TASK STATEMENT: In the material below, find the line with "廖序东先生的女儿廖礼平女士在" and the line with "- Deduplizierungs- und". Output exactly those two lines and all lines between them, leaving out pictures.

PROVIDED RECORDS:
• • •

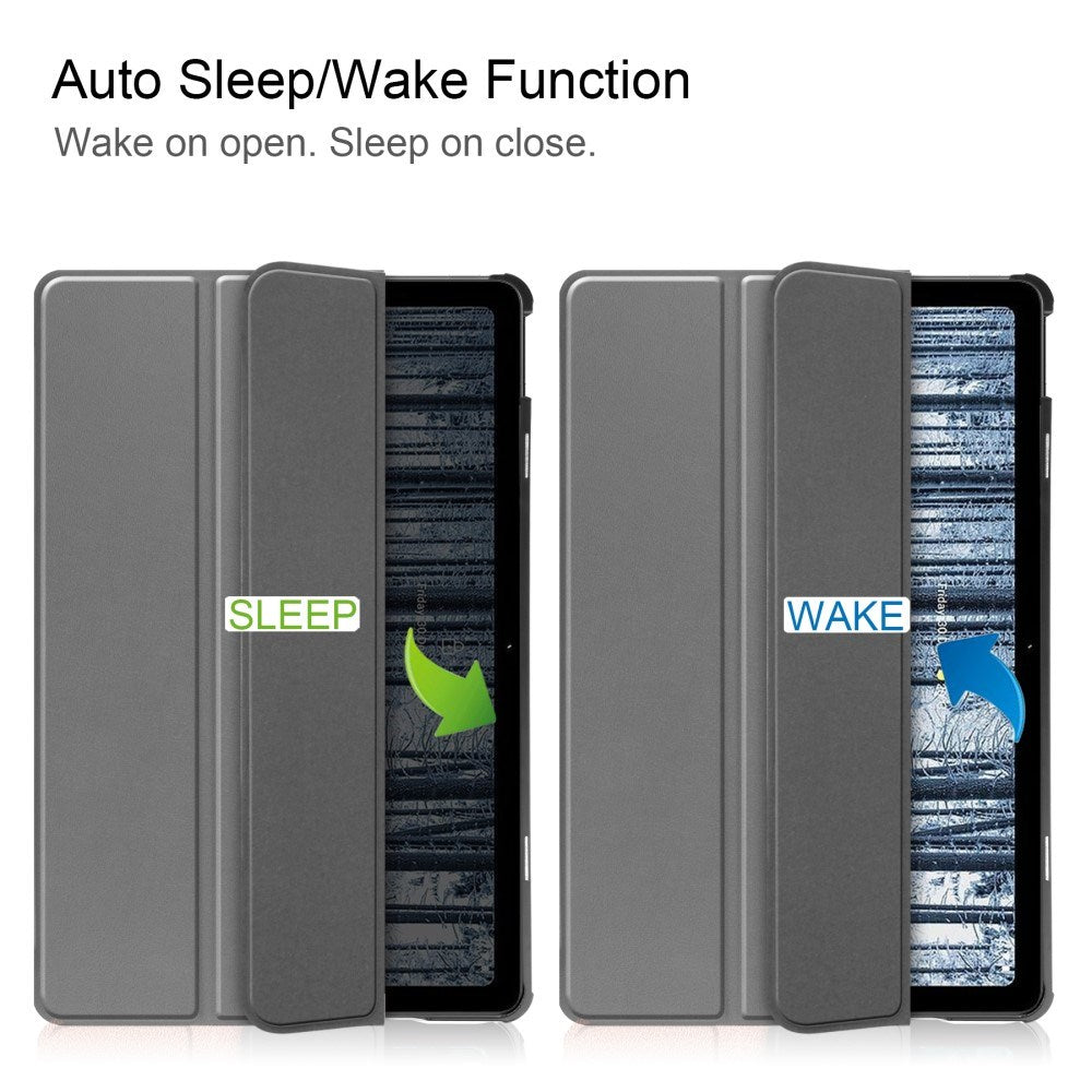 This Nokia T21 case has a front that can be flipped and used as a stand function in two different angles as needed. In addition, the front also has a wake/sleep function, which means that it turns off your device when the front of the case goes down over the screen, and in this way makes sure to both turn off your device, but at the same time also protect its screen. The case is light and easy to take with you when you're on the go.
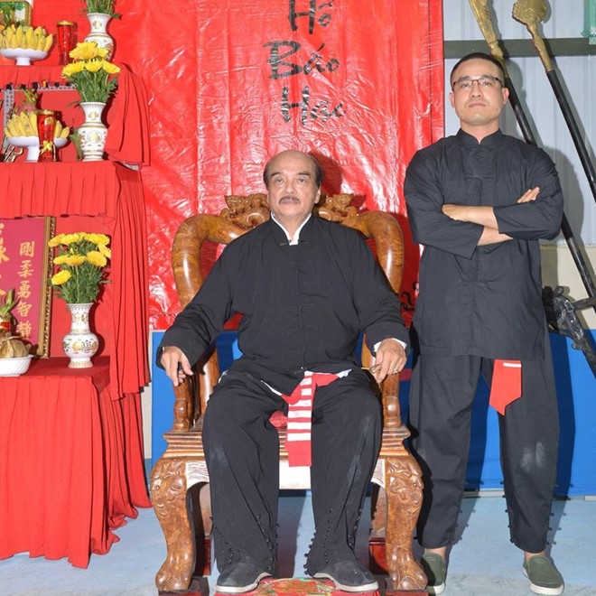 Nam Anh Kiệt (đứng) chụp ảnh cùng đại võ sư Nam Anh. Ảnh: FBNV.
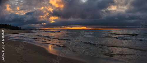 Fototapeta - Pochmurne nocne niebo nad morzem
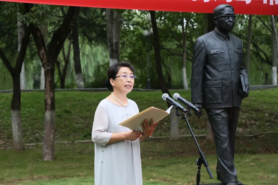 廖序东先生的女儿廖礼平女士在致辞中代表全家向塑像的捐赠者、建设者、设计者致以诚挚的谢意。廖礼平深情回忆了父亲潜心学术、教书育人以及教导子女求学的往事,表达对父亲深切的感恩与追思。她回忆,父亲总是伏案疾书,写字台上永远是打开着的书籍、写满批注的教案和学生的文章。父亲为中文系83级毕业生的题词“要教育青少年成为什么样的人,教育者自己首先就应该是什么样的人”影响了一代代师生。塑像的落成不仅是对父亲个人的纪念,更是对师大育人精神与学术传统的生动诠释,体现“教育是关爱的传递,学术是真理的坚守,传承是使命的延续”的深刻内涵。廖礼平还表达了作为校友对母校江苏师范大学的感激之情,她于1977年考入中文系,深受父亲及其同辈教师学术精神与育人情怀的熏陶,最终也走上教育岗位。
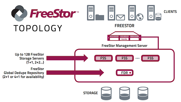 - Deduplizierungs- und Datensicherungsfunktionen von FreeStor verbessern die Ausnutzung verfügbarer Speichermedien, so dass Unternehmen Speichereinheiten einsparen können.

• • •

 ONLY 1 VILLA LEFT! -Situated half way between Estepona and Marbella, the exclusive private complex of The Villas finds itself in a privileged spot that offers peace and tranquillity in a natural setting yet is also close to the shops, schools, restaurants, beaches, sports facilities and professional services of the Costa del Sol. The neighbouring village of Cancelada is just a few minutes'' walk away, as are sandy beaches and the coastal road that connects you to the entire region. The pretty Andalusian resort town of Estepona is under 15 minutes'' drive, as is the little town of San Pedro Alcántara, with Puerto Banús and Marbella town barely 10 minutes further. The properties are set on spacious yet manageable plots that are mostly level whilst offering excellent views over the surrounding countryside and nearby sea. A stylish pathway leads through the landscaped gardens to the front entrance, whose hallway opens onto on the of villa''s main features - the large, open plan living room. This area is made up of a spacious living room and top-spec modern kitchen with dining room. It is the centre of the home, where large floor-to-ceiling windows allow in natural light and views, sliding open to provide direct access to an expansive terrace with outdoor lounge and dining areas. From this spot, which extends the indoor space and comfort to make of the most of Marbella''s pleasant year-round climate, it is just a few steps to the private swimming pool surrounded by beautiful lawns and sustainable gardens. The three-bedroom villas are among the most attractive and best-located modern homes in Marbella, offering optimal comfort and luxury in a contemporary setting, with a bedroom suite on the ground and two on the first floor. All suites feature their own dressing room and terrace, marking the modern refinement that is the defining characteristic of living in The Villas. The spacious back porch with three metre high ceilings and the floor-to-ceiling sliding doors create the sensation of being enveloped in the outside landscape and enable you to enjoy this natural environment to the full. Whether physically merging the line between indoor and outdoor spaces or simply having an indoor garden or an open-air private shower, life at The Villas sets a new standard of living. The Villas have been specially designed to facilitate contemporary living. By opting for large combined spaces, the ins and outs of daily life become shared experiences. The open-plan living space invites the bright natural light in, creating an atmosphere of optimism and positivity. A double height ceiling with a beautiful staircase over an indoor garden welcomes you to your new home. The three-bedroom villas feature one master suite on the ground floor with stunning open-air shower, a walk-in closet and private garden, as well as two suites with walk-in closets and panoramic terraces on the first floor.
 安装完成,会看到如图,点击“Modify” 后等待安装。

• • •

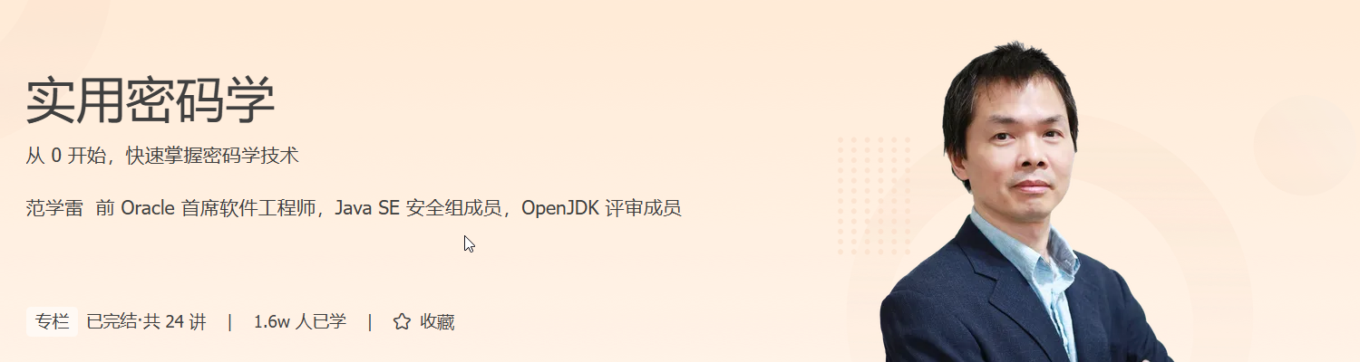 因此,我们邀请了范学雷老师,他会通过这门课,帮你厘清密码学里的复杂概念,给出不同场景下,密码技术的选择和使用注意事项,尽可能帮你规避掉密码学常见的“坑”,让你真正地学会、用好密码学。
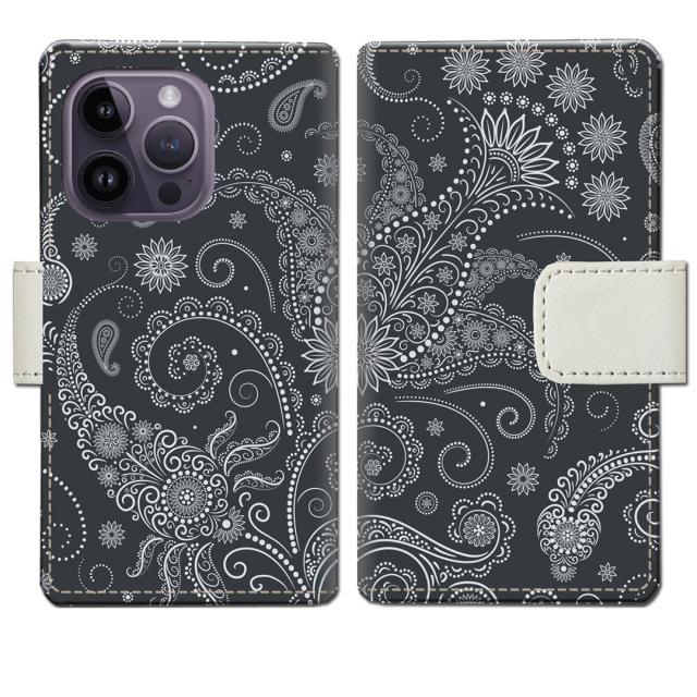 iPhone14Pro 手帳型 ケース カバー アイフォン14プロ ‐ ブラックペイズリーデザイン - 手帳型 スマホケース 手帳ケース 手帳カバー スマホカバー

• • •

TASK OUTPUT:
 廖序东先生的女儿廖礼平女士在致辞中代表全家向塑像的捐赠者、建设者、设计者致以诚挚的谢意。廖礼平深情回忆了父亲潜心学术、教书育人以及教导子女求学的往事,表达对父亲深切的感恩与追思。她回忆,父亲总是伏案疾书,写字台上永远是打开着的书籍、写满批注的教案和学生的文章。父亲为中文系83级毕业生的题词“要教育青少年成为什么样的人,教育者自己首先就应该是什么样的人”影响了一代代师生。塑像的落成不仅是对父亲个人的纪念,更是对师大育人精神与学术传统的生动诠释,体现“教育是关爱的传递,学术是真理的坚守,传承是使命的延续”的深刻内涵。廖礼平还表达了作为校友对母校江苏师范大学的感激之情,她于1977年考入中文系,深受父亲及其同辈教师学术精神与育人情怀的熏陶,最终也走上教育岗位。
 - Deduplizierungs- und Datensicherungsfunktionen von FreeStor verbessern die Ausnutzung verfügbarer Speichermedien, so dass Unternehmen Speichereinheiten einsparen können.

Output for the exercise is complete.